呼子が知らないよと少し膨れて目玉の親父に返すと鬼太郎は随分焦っていましたねと父が浸かる風呂に湯を足して指で温度を確かめた。



「お茶でも飲む?」


「うん」


猫娘と飲むはずだった茶を呼子に出すと彼は外が俄かに騒がしくなったのに気付く。湯飲みを置いて下を窓から眺めてみれば、先程出て行ったはずの蒼坊主が右と左から何やら喧々囂々とまくし立てられて立ちすくんでしまっていた。


「(何でろくろ首まで)」


女三人集まれば等想像するのも怖いくらいの二人が一人に集中攻撃。広くて頼りがいがあるはずの兄の背中が今日は小さく見える。


触らぬ神に祟りなしと鬼太郎が目を背けると必死な蒼坊主の声が響いて来た。



「だーかーらー違うんだって。ただ普段世話になったり、話したりする奴になんかやりたいだけで」



「でも女の子なんでしょ。誰? 教えて、誰にも言わないから! ね、ね、誰?」


「浮いた噂一つなかったのに、案外やるのね」


「………違うって………」


どんなに否定しても彼女達は自分が面白いと思う形に話を理解してしまっていて、曲がりに曲がった話の腰をもとに戻すのは不可能らしい。

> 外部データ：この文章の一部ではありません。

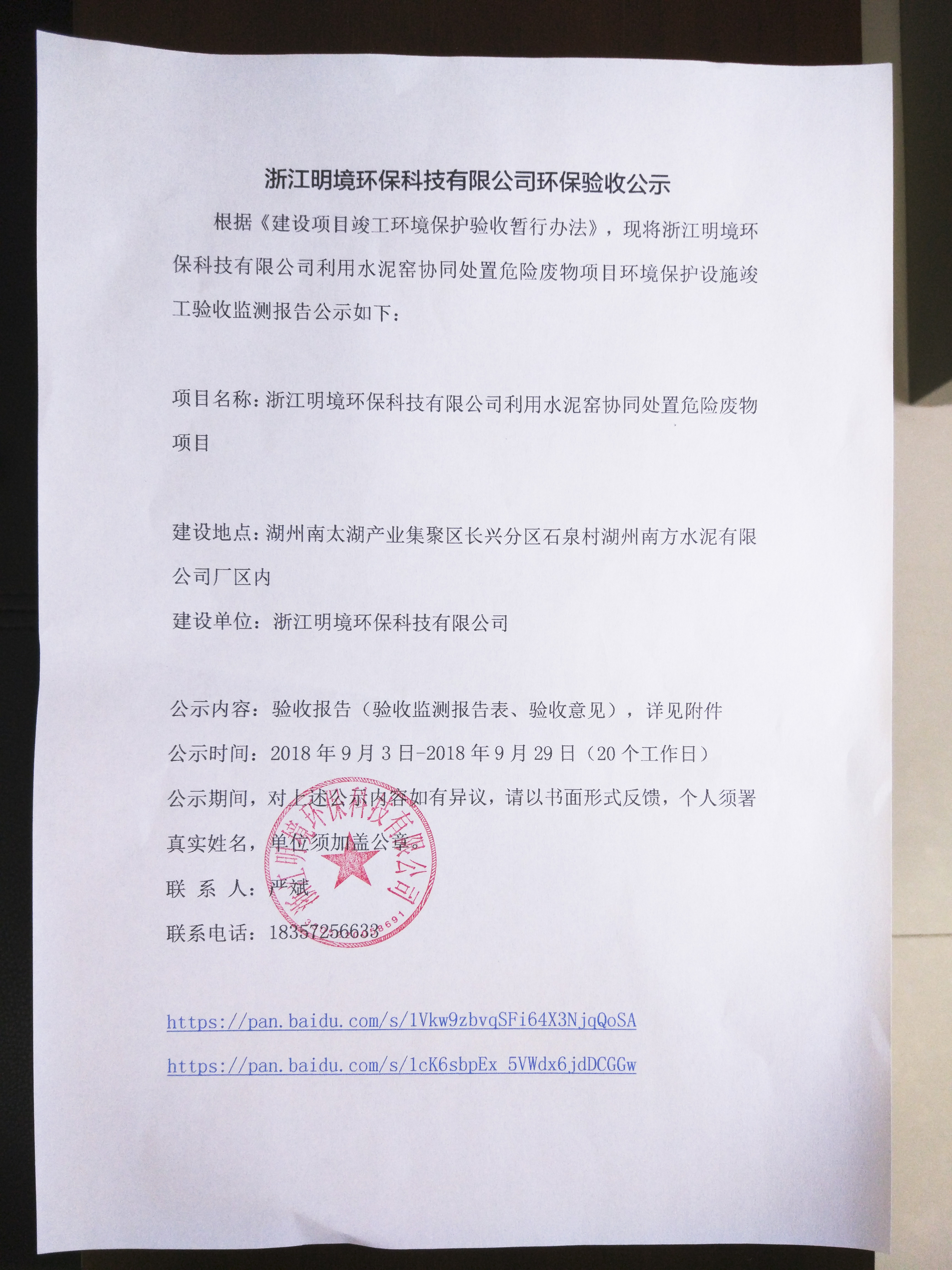 根據(jù)《建設項目竣工環(huán)境保護驗收暫行辦法》,現(xiàn)將浙江明境環(huán)保科技有限公司利用水泥窯協(xié)同處置危險廢物項目環(huán)境保護設施竣工驗收監(jiān)測報告公示如下:

悟った蒼坊主は最終的にはうんとはいを繰り返して二人に連れられて横丁に入った。


当たり前だけれども見渡しても人はいない。在るのはただ懐かしい雰囲気と見慣れた仲間の顔だった。ふ、と彼女がここに居たら等と考えて、すぐに止める。


離れると笑顔しか思い出せなくて、もし今側に居たならと想像するとその心に宿った顔さえも真っ当な人間なら当たり前の恐怖に歪ませてしまう。